For calculating the features in the frequency domain, the signal is transformed typically via fast Fourier transform (FFT). To avoid spectral leakage, windowing of the time signal has to be performed before applying FFT [19]. For the investigations carried out here, a Hanning window will be implemented for this purpose. For the mathematical formulations of the frequency-domain features, the vector of discrete amplitudes in the frequency domain s is used. Furthermore, the frequencies f associated with the amplitudes and the number of discrete frequencies M are required for calculation.

2.3. Signal Processing Methods

The features presented in the previous section can be applied directly to the raw signal and its Fourier transform, as described before. However, it is also common to use additional processing methods and perform a feature calculation based on such preprocessed signals [12].

2.3.1. Envelope Analysis

With the help of envelope analysis, relevant information can be extracted from the measurement signal, which is particularly important for the detection of initial rolling bearing failures [2]. Rolling bearing damage leads to periodic shock excitations. However, these are short, decay very quickly and often times are superimposed with non-roller-bearing vibration excitations, making them difficult or impossible to detect using frequency analysis of the raw signal. The high-frequency carrier signal is amplitude-modulated by the frequency of the low-frequency modulation signal of the vibration excitations [20]. For the diagnosis of rolling bearing damage, it is usually not the carrier signal that is of interest but the modulation signal, which can be extracted by demodulation. Envelope analysis can be implemented using the Hilbert transform, causing demodulation and consequently allowing identification of shocks and analysis of characteristic damage [21]. In envelope analysis, the envelope is first determined from the raw signal. In a further step, the envelope spectrum can be determined via Fourier transform.

2.3.2. Empirical Mode Decomposition

The empirical mode decomposition (EMD) is based on the assumption that signals can be decomposed into different intrinsic mode functions (IMFs). The iterative process for determining the IMFs is called sifting. Spline interpolation of the signals local maxima and minima is an essential part of the sifting process. For further details, Nandi and Ahmed [2] provide a comprehensive description of the EMD procedure.
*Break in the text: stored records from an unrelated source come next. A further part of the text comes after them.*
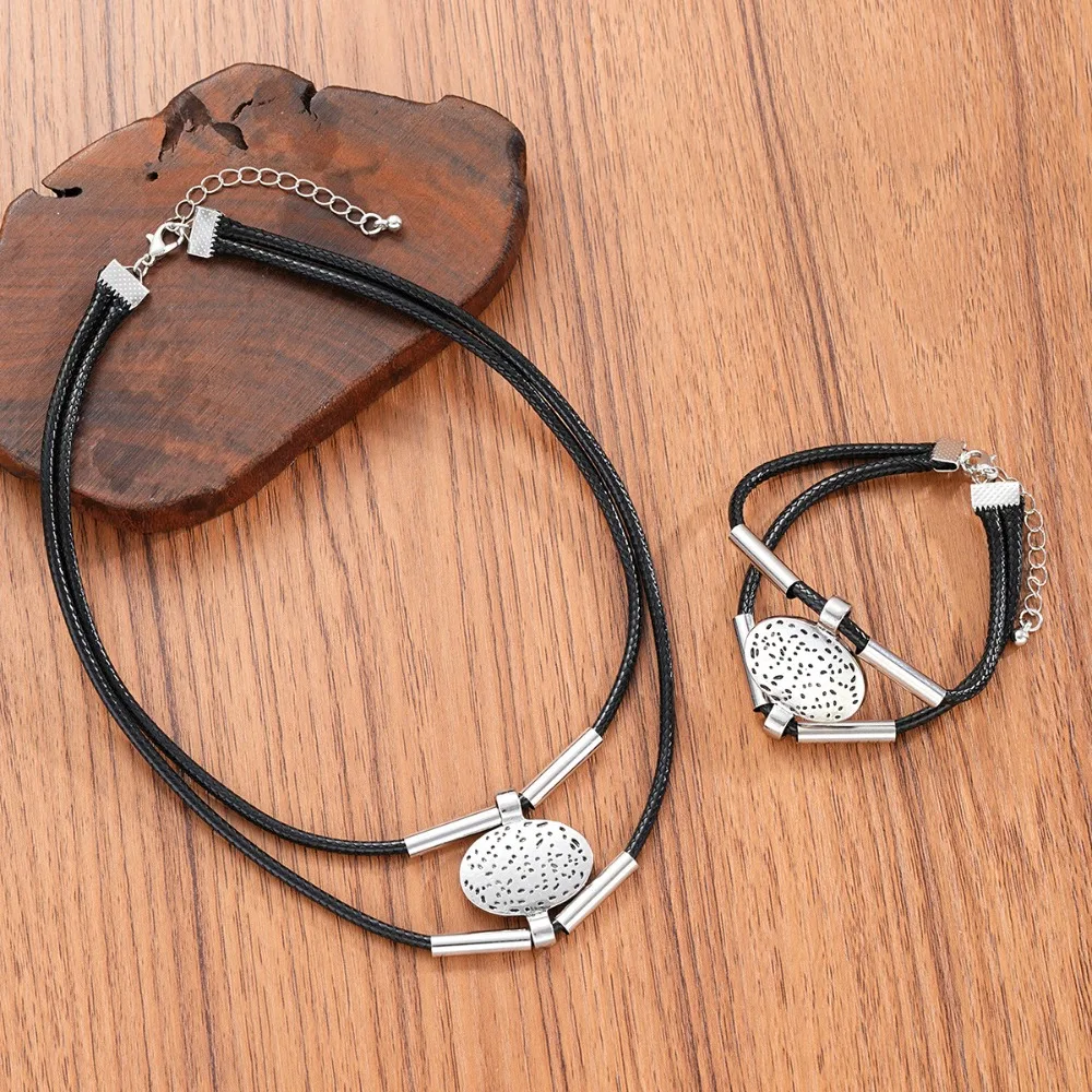 2pcs Set Boho Retro Double-layer Leather Rope Silver Color Oval Pendant Necklace Bracelet for Women Jewelry Sets Accessory Gifts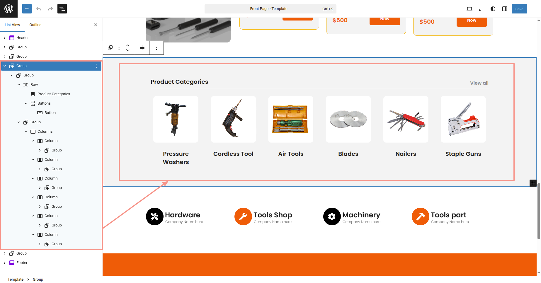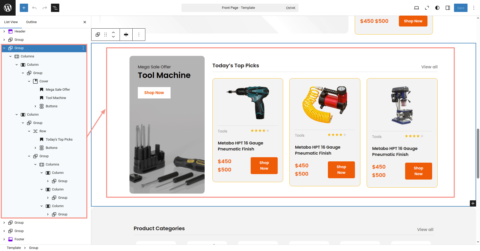 This is the process of creating and customizing the Product Categories section.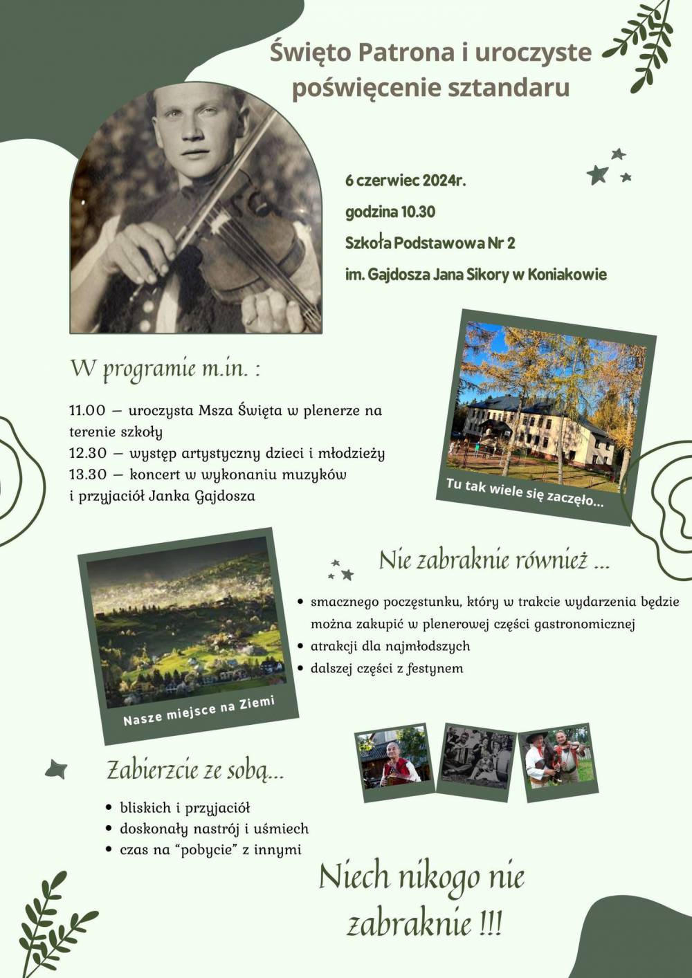 Szkoła Podstawowa Nr 2 im. Gajdosza Jana Sikory w Koniakowie zaprasza na Święto Patrona i uroczyste poświęcenie sztandaru, jakie odbędzie się 6 czerwca 2024 roku.

The sifting process can be stopped by a termination criterion. One simple termination criterion can be given by predefining the number of IMFs to be decomposed. After decomposition, the original signal can be rearranged as the sum of all decomposed IMFs and its residual.

2.3.3. Wavelet Transform

The wavelet transform (WT) is a well-known signal processing strategy for analyzing nonstationary and transient signals in the time–frequency domain [22]. Using the wavelet transform, data can be decomposed into different frequency components, which are then analyzed with a resolution adapted to their scale [23]. In contrast to the Fourier transform, the wavelet transform uses wavelet basis functions that contain several frequencies [24]. A wavelet family consisting of different wavelet basis functions is formed by scaling and translation of a mother wavelet. Within wavelet transforms, continuous wavelet transform (CWT), discrete wavelet transforms (DWT) and wavelet packet transform (WPT) can be distinguished [2]. Since in the context of this work discrete measurement data are used and the computational effort is kept low, the focus here is on DWT and WPT.
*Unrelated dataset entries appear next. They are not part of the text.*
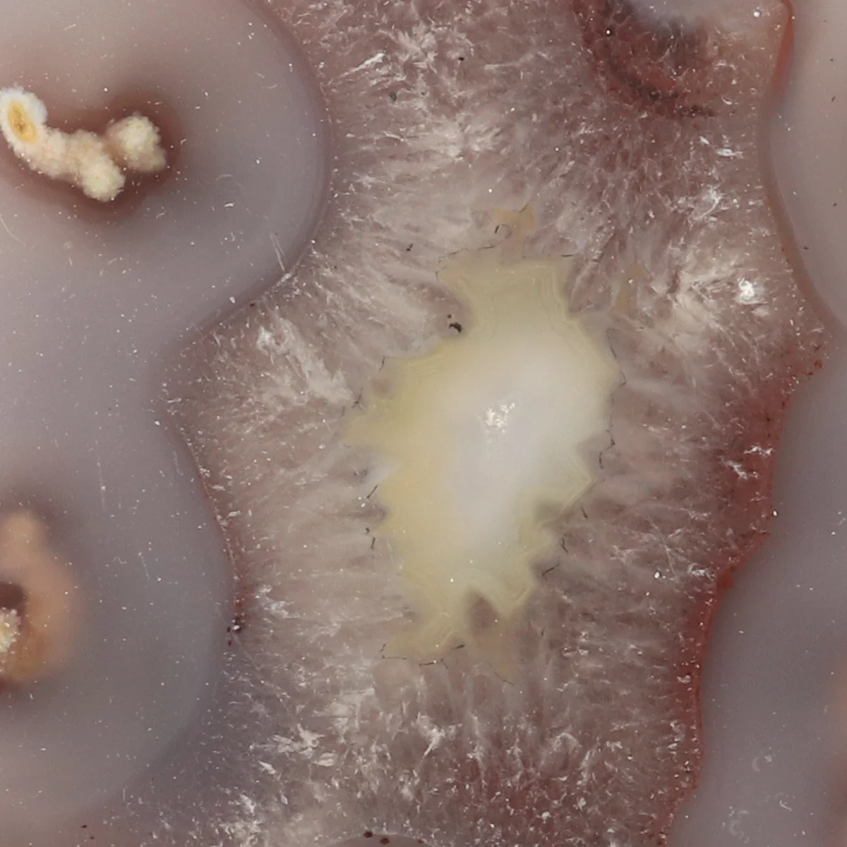 Agaat is een veelkleurige variƫteit van chalcedoon, die wordt gekenmerkt door zijn fijne bandstructuren en gelaagde patronen. De kleuren ontstaan door verschillende mineralen die tijdens de vorming in lagen zijn afgezet. Agaat wordt al duizenden jaren gebruikt voor sieraden en decoratie vanwege zijn aantrekkelijke uiterlijk en grote variatie in vormen.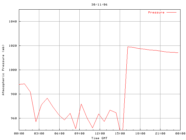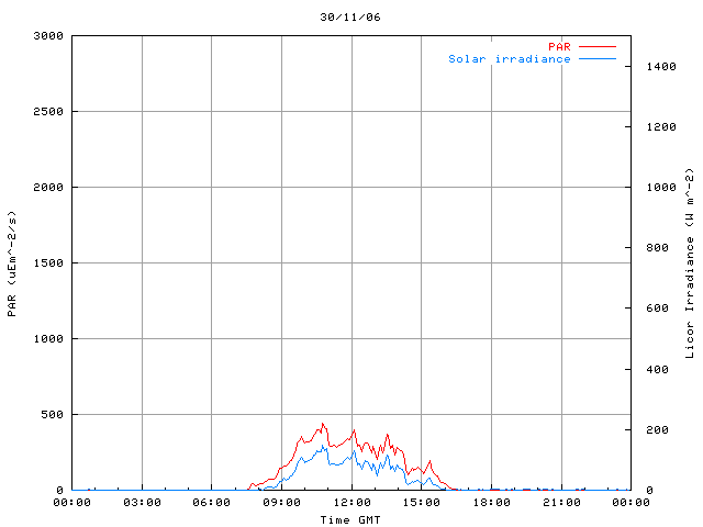 The PML meteorological station, situated on the south-west corner of the building roof, consists of a Hygroclip S3 temperature and humidity sensor housed in a radiation shield, a Mierij Meteo solid state wind sensor (MMW-005), a Chelsea instruments half-hemisphere PAR sensor, a Li-Cor pyranometer (LI-200SZ) and an Omni Instruments 6" tipping bucket raingauge (RG200). The data are logged every 5 minutes using a Pace Scientific XR5 data logger. The real-time rainfall data is likely in error - the correct values will be displayed after a time lag of approximately 24 hours. The meteorological station is sheltered from winds in the north-east and underestimates winds from this quarter. To use these data please contact Dr Tim Smyth.
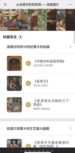上海博物馆微信导览精选展览中21件最具代表性和故事性的重磅作品,提纲挈领地串联最具教科书意义的艺术流派。在介绍本次展品的基础上,微信导览亦对相关艺术史背景有所解读,并补充了大量拓展性图片,以丰富展览的教育阐释,促进观众对作品的理解。

For DWT, first, the measurement signal is put through complementary low-pass and high-pass filters [25]. The low-frequency signal is called approximation coefficient, and the high-frequency signal is called detail coefficient. In the next iteration step, the approximation coefficient is again decomposed into a high-frequency and low-frequency component with simultaneously decreasing resolution. The number of iteration steps can be adjusted by setting the decomposition level. In contrast to DWT, where only the low-frequency signal is split at each further decomposition level, WPT also splits the high-frequency signal into new high-frequency and low-frequency components [2].

2.3.4. Frequency Bands

A particularly computationally efficient processing method has already been proposed in [26] and further investigated in [27]. The core of this method is to separate the signal into frequency bands. For this purpose, the amplitude spectrum of the signal is first determined via FFT. Subsequently, this spectrum is split into bands. Figure 1 shows frequency band separation using eight equally sized frequency bands as an example.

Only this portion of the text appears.